The incidence of DVT has been reported to be approximately 50 % within 2 weeks in the absence of heparin prophylaxis in patients with acute hemiplegic stroke [13]. Patients with proximal subclinical DVT had a 15 % risk of fatal pulmonary embolism [13, 14]. Untreated below-knee DVT is associated with a 20 % risk of proximal extension [13], and the pulmonary embolism rate is reportedly 6.1 % in trauma patients with below-knee DVT [15]. On admission to the stroke rehabilitation unit, the prevalence of DVT in patients with stroke ranges from 12 to 40 % [16]. Therefore, the onset of DVT during hospitalization in primary stroke centers must be prevented. When DVT is not detected at admission, IPC can be used safely. If DVT is detected at admission in patients with ischemic stroke, anticoagulants may be started soon. The disuse of IPC may not induce thrombi fragmentation in patients with DVT at admission.
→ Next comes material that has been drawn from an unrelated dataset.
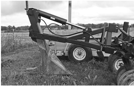
3-Pt. tile plow, 6" boot, 4' depth, 3-pt. cart not included, $8,000. (517) 525-6845

Early anticoagulant therapy may protect against thromboembolism caused by DVT present at admission, and early IPC or anticoagulant therapy may prevent DVT development after admission. Overall, the frequency of symptomatic or critical DVT may decrease during hospitalization in primary stroke centers. Plasma D-dimer levels must be measured at the time of stroke, and patients with both significant factors, i.e., female sex and a D-dimer level ≥ 1.52 µg/mL, should immediately undergo wl-US, if possible.
Limitations
Our study had several limitations. First, the sample size was small, and the study had a retrospective, cross-sectional design. Second, although US has a sensitivity of 94 % for detecting DVT, it cannot always detect DVT. Third, because most of the patients were Japanese, generalization of the study outcomes to non-Japanese populations may not be possible. There might be racial differences in the association between DVT-related factors and threshold values of factors associated with the presence of DVT. A prospective study including US and plasma D-dimer examination is required to determine the frequency of DVT at stroke admission and significant associated factors.
Conclusions
The frequency of DVT at admission in acute stroke patients was high at 17.6 % in our institution. Female sex and high D-dimer levels were significant factors for the presence of DVT. Therefore, in patients with these two significant factors at admission, IPC should be avoided or wl-US should be performed before IPC.
Acknowledgements
We would like to thank Nozomi Chiba, BA., for her secretarial assistance and the ultrasonographers at our stroke center for specialized support.
Declarations
Ethics approval and consent to participate
All procedures were performed in accordance with the ethical standards of the institution and the 1964 Helsinki Declaration. The Tokushukai Group Ethics Committee approved this retrospective study with a waiver for informed consent (TGE01723-024). Study participant enrollment was based on an opt-out model, which the ethical committee permitted.
Consent for publication
Not applicable.
Competing interests
The authors declare that they have no competing interests.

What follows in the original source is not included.